Updated

The major charge against Betsy DeVos—and certainly the one that the writers at "Saturday Night Live" recently ran with—was that she doesn’t know enough about “school” to be Secretary of Education. She hasn’t been a teacher, a principal, or a superintendent. She doesn’t know how to pick a curriculum, evaluate an instructor, or write an Individual Education Plan for students with disabilities.

All true. And if she were seeking employment as a teacher, a principal, or a superintendent, that experience gap would be damning. But she’s not.

President Trump selected her to be the U.S. Secretary of Education. That person’s job is to do education politics and policy—to work with members of Congress and governors, to understand how a bill becomes a law, to provide moral support to reformers as they fight it out in the states and at the local level. With her decades of involvement in politics, with policy makers and in the trenches of the parental choice movement, DeVos is an inspired choice for the job that the Senate confirmed her for today.

Which isn’t to say the millions of teachers and parents who flooded social media and the Congressional switchboard to urge her rejection had nothing to worry about. Especially during the Bush 43 and Obama years, the Secretary of Education has occupied a powerful role, one that has sought to influence almost every nook and cranny of education policy and practice.

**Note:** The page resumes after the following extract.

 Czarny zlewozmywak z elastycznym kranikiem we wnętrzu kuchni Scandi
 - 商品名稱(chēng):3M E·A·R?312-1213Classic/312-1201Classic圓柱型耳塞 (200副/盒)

Particularly under Obama’s education secretaries, the feds did indeed stick their noses into curriculum, teacher evaluation, and the intricacies of serving students with disabilities, as well as who can use which restroom. Anyone assuming that the future would be a linear extension of that past might have reason to fret about DeVos.

Well, the big change that’s coming isn’t the change of individuals. It’s the change in the Education Department’s role. It’s not that DeVos and her team will play the Obama-era melody in a different key. It’s that they won’t being playing those tunes at all.

During her confirmation process, DeVos promised time and again to shrink Uncle Sam’s impact on the nation’s schools—to devolve decisions back to states, communities, educators and parents. That’s in keeping with the mandate from Congress, which just over a year ago updated the major K-12 law to expressly limit the federal role in education.

The grassroots energy around the DeVos confirmation fight demonstrates that Americans care deeply about their schools. That’s good news. The even better news is that parents and teachers can now focus that energy on changing policies closer to home, where the action is, rather than in Washington, D.C. And the U.S. Department of Education can go back to being the sleepy agency it was always meant to be.